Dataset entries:
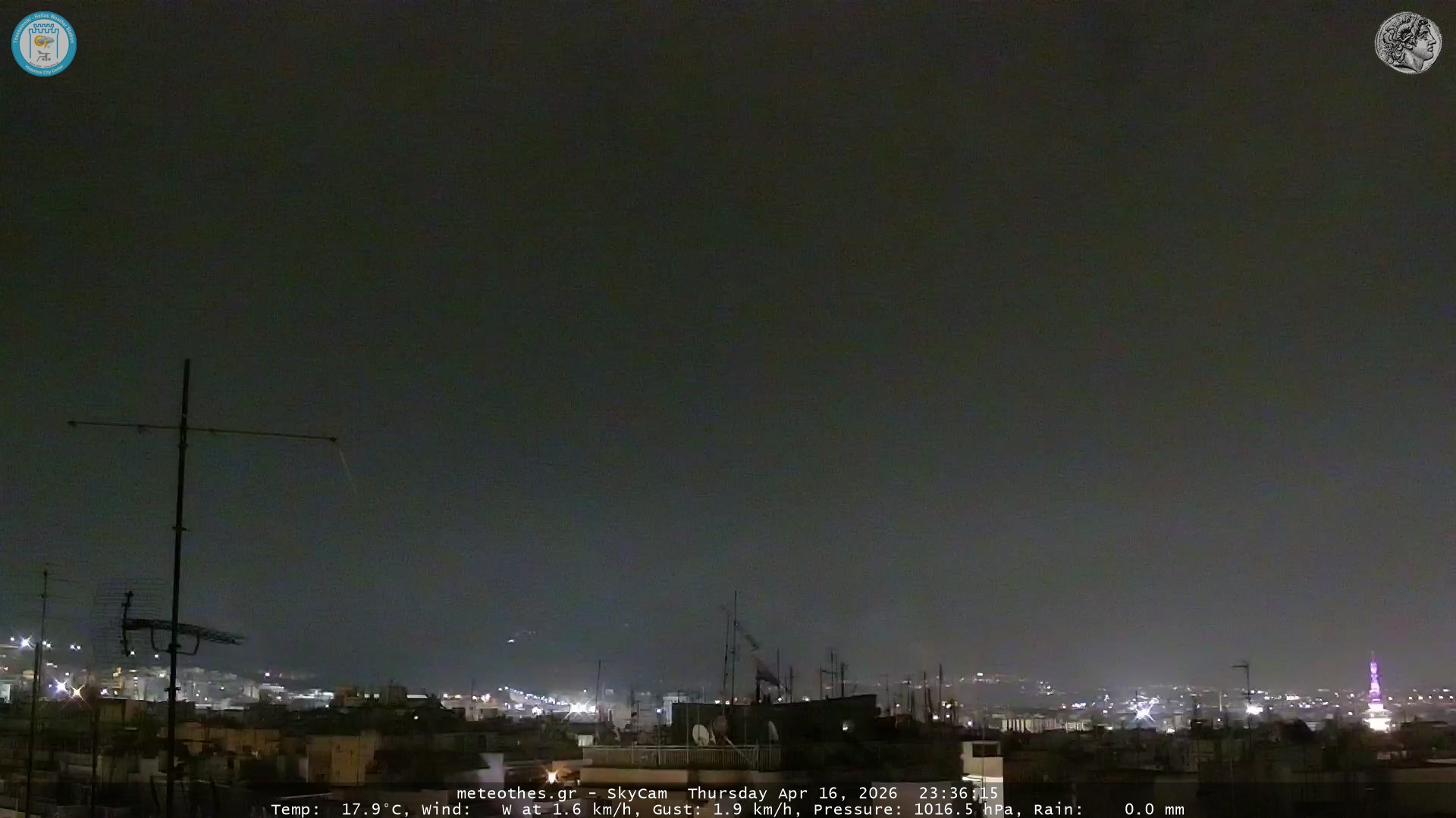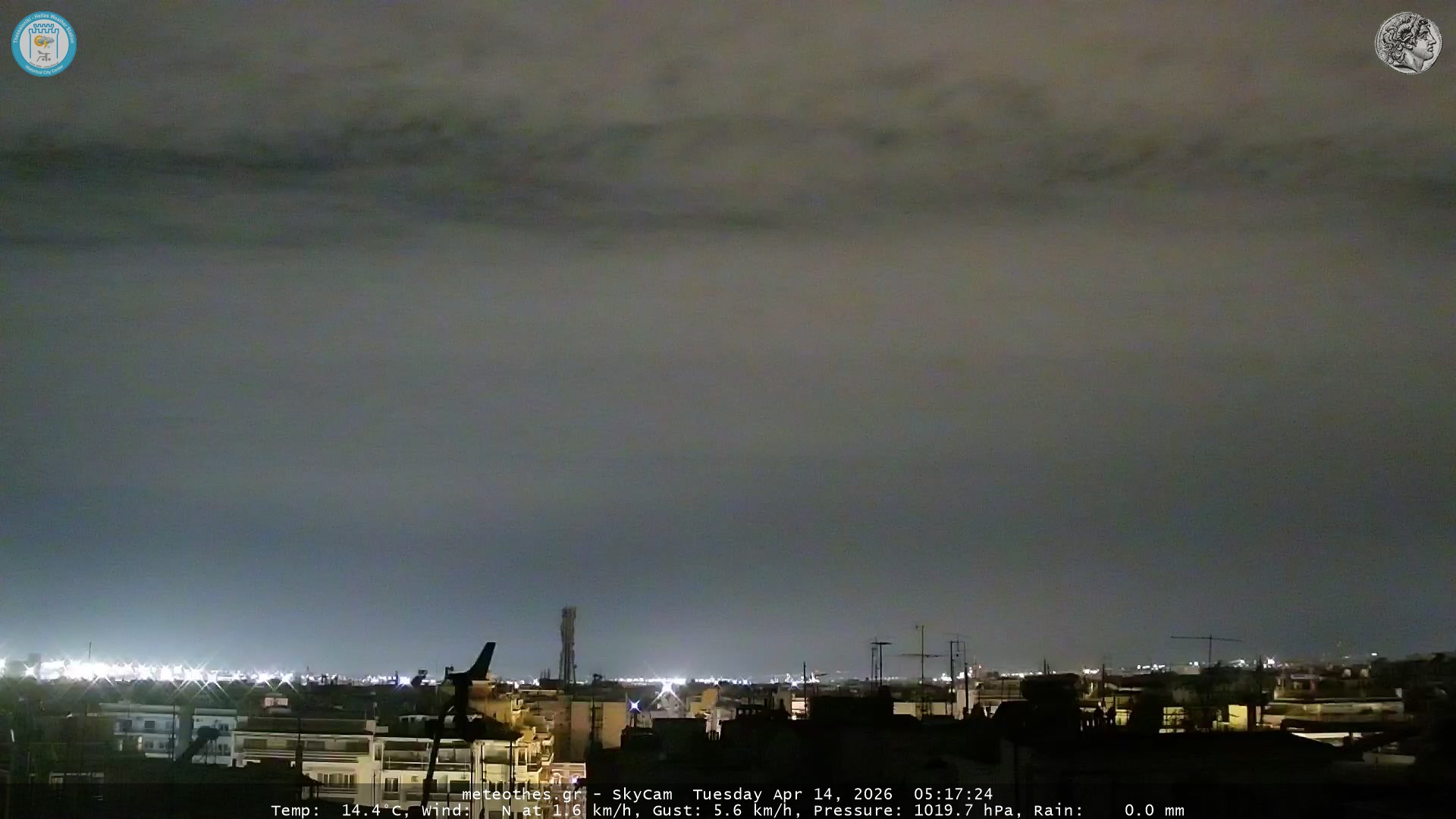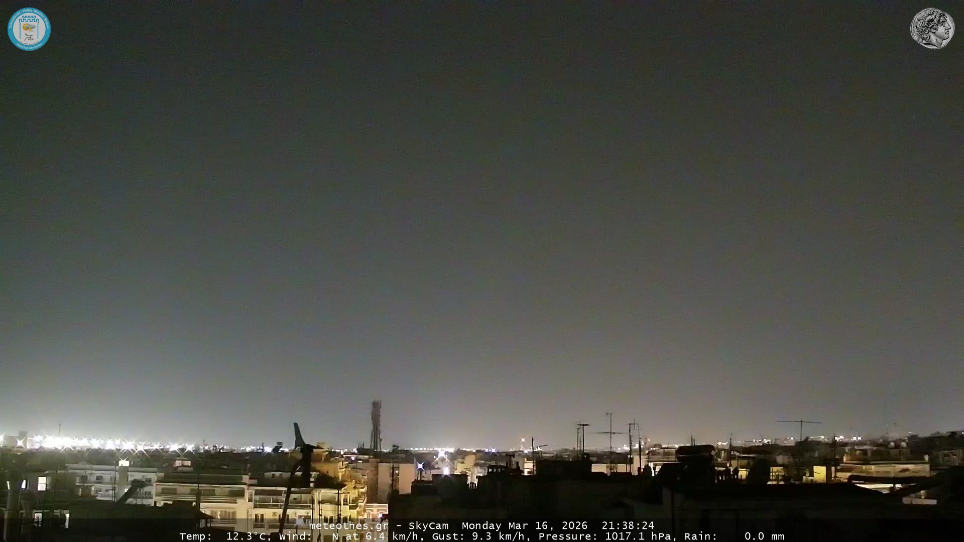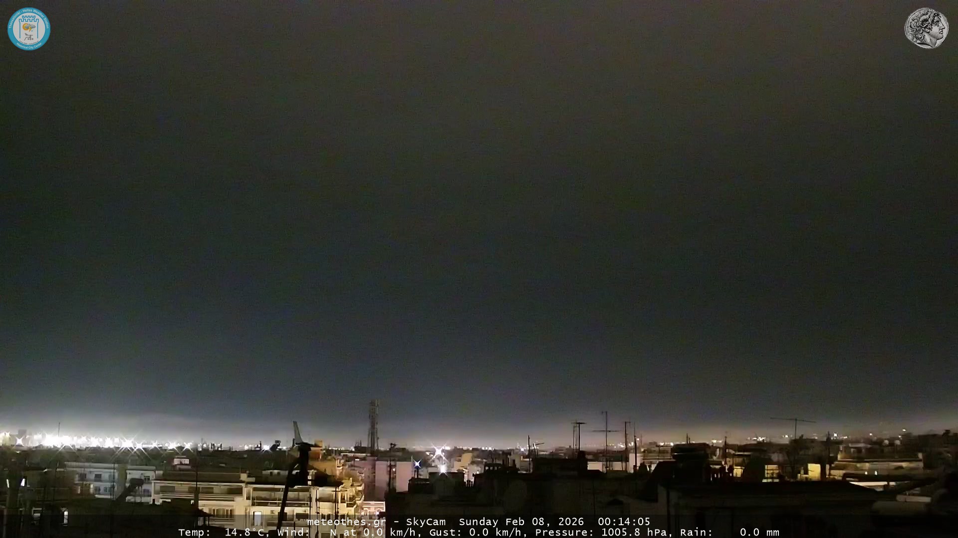 Ζωντανή Ροή Περιστρεφόμενης Κάμερας Ουρανού Ιστορικού Κέντρου Θεσσαλονίκης - Πατήστε |
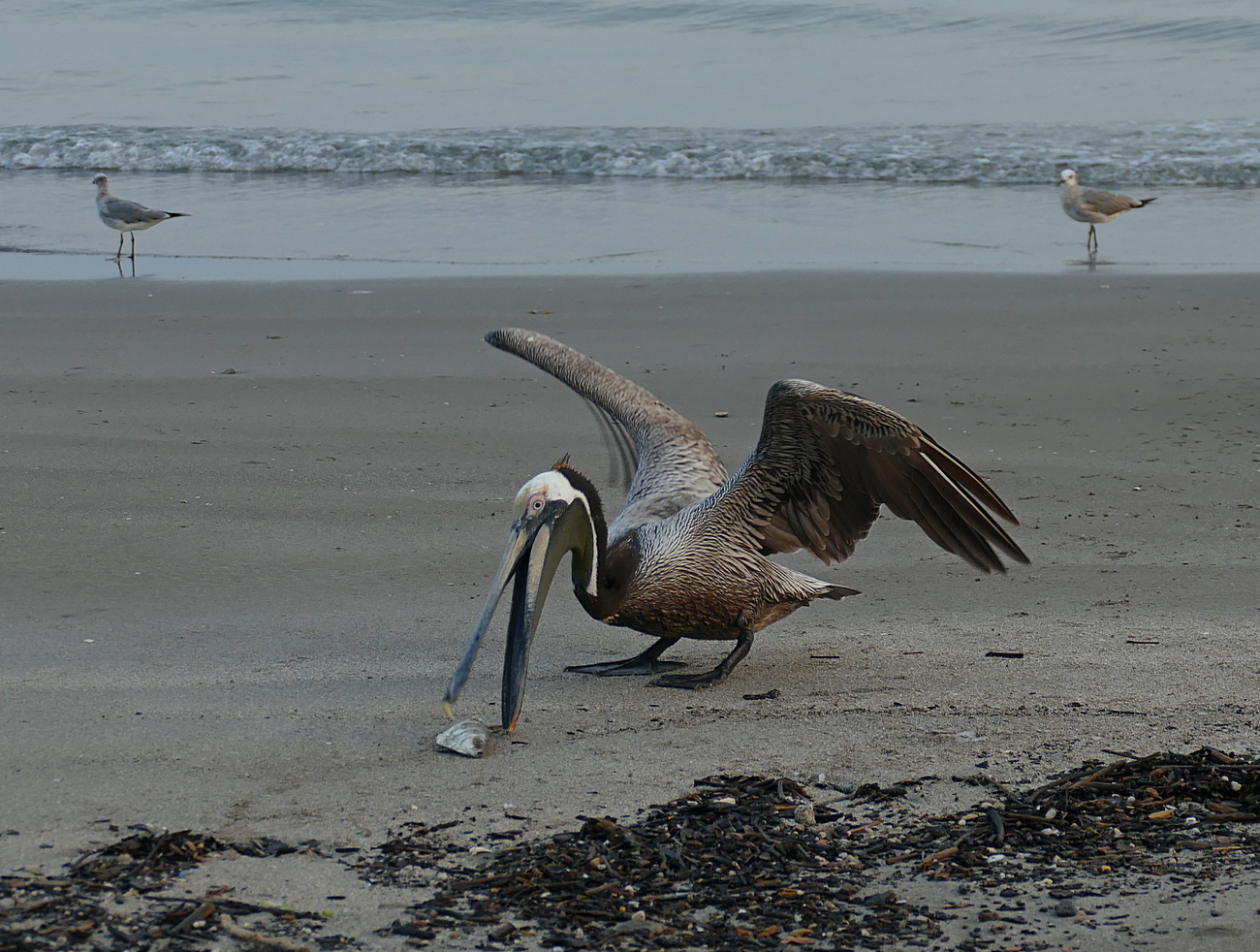Beskrivelse: Selv om Brown Pelican er kendt for at styrtdykke efter fisk, som en anden sule, er den dog også opportunistisk nok til at snuppe et nemt måltid på stranden.
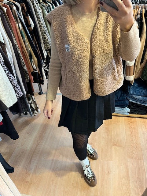 Le modèle mesure 1m63, porte une taille M (38)
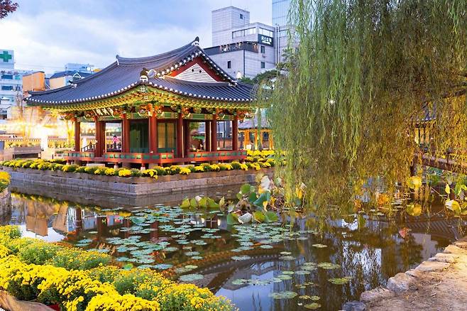 원주 시내 중심부에 있어 접근성이 좋고, 고즈넉한 건축물 사이를 산책하기도 좋고, 또 밤에는 조명이 켜져 운치 있는 야경까지 감상할 수 있죠. 특히 여름에는 연못 위 누각 주변으로 연꽃이 피어나 꽃구경 하기에도 제격이랍니다.
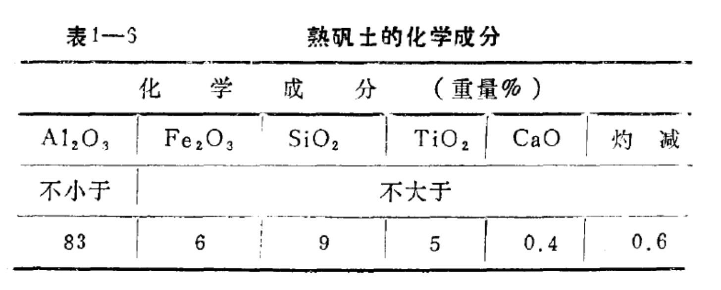 討論結果推薦表1一6礬土質量標準。
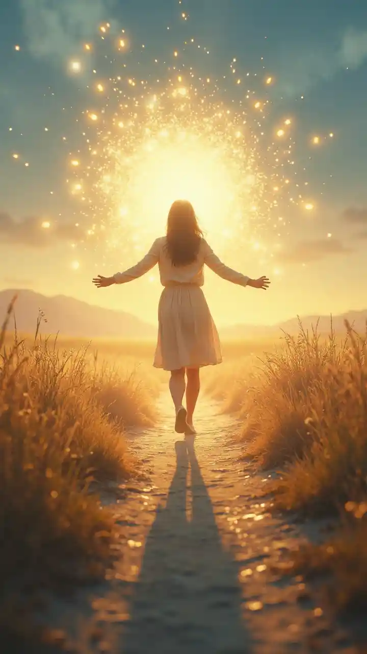 Die Protagonistin auf dem Weg zum Horizont. Zeitlupe mit offenen Armen drehen sich, Licht strömt aus ihrem Herzen. Dann kritzelte ein Stift "Ende" und blätterte diese Seite auf ein weißes Blatt mit der Aufschrift: "Kapitel zwei: Mehr Wunder.
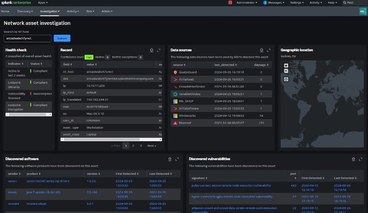 Splunk Asset and Risk Intelligence constructs asset inventories by consolidating data from diverse sources, including log files, network devices, cloud services, workstations, servers, and databases. The investigation dashboards offer a holistic context for investigations, providing visibility into critical asset data points such as health checks, geographical information, data sources, discovered vulnerabilities, and software. These vulnerabilities can be used to configure risk-scoring filters and rules that are also displayed in this dashboard, and we will discuss that further later.
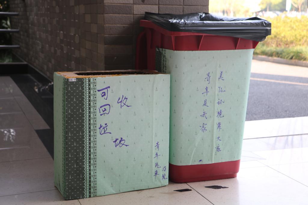 志愿者们在青年楼每一层均设置了垃圾分类点——由一套分类垃圾箱和分类指南组成。同学们将手边垃圾按类别投放至对应的垃圾箱即可,后期可回收物会专门送至资源回收站,而其他垃圾则由教学楼打扫卫生阿姨处理。
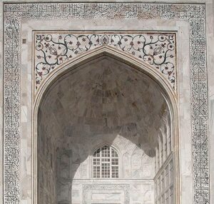واجهة تاج محل (آغرا): الآيات القرآنية مزخرفة بخط الثلث الجميل.
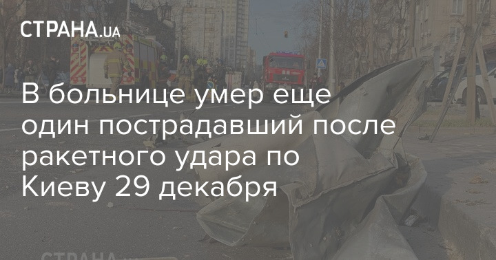 В больнице умер еще один пострадавший после ракетного удара по Киеву 29 декабря
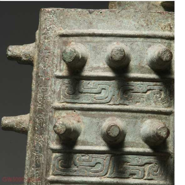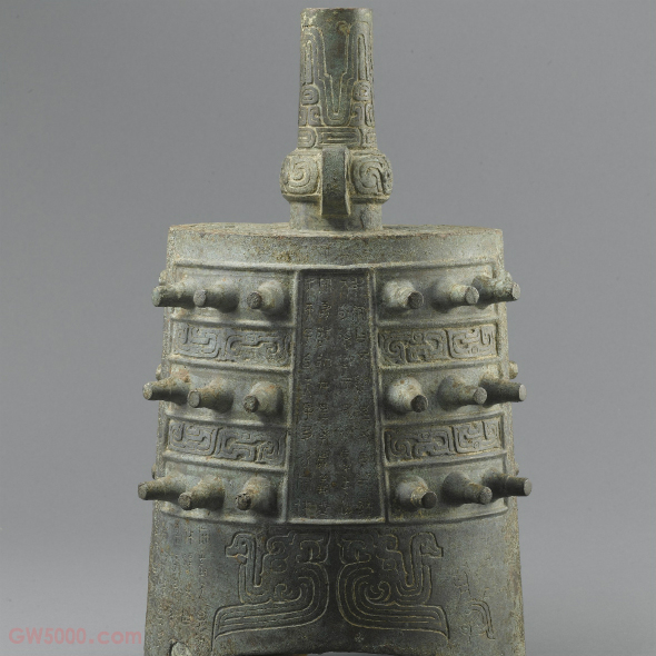 旅钟出土时为七件,此为第四钟。体呈合瓦形,甬部饰波曲纹和重环纹,篆间饰窃曲纹,鼓部饰相背卷龙纹、右侧有一凤鸟纹。
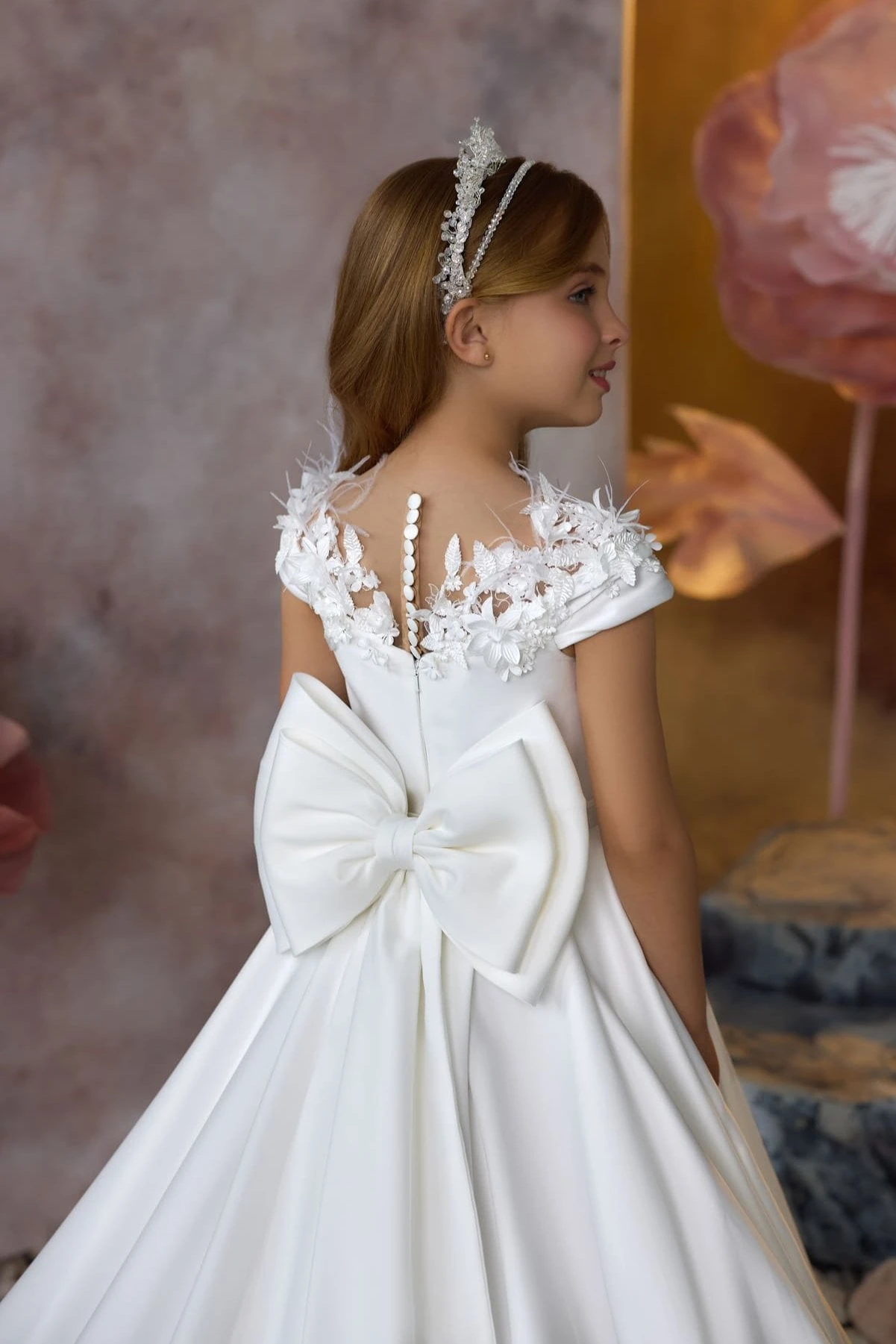 The Heavenly Petals Communion Gown is a divine creation, designed to reflect the purity and reverence of her sacred day with the Lord. This elegant communion dress features delicate feathered floral adornments along the scalloped collar, adding a heavenly touch to the design. A tiny bow at the waist offers a subtle accent, while the oversized double bow at the back creates a statement of grace and beauty. With a mix of zipper and summary closure, the gown ensures a perfect fit as it flows into a long, stunning train—worthy of the solemnity and joy of her First Communion.

Problem details
Give again, word for word, the lines above from the one with "واجهة تاج محل" through the final line of the data, both ends included. Do not copy any picture.

Reply to the exercise
واجهة تاج محل (آغرا): الآيات القرآنية مزخرفة بخط الثلث الجميل.
 В больнице умер еще один пострадавший после ракетного удара по Киеву 29 декабря
 旅钟出土时为七件,此为第四钟。体呈合瓦形,甬部饰波曲纹和重环纹,篆间饰窃曲纹,鼓部饰相背卷龙纹、右侧有一凤鸟纹。
 The Heavenly Petals Communion Gown is a divine creation, designed to reflect the purity and reverence of her sacred day with the Lord. This elegant communion dress features delicate feathered floral adornments along the scalloped collar, adding a heavenly touch to the design. A tiny bow at the waist offers a subtle accent, while the oversized double bow at the back creates a statement of grace and beauty. With a mix of zipper and summary closure, the gown ensures a perfect fit as it flows into a long, stunning train—worthy of the solemnity and joy of her First Communion.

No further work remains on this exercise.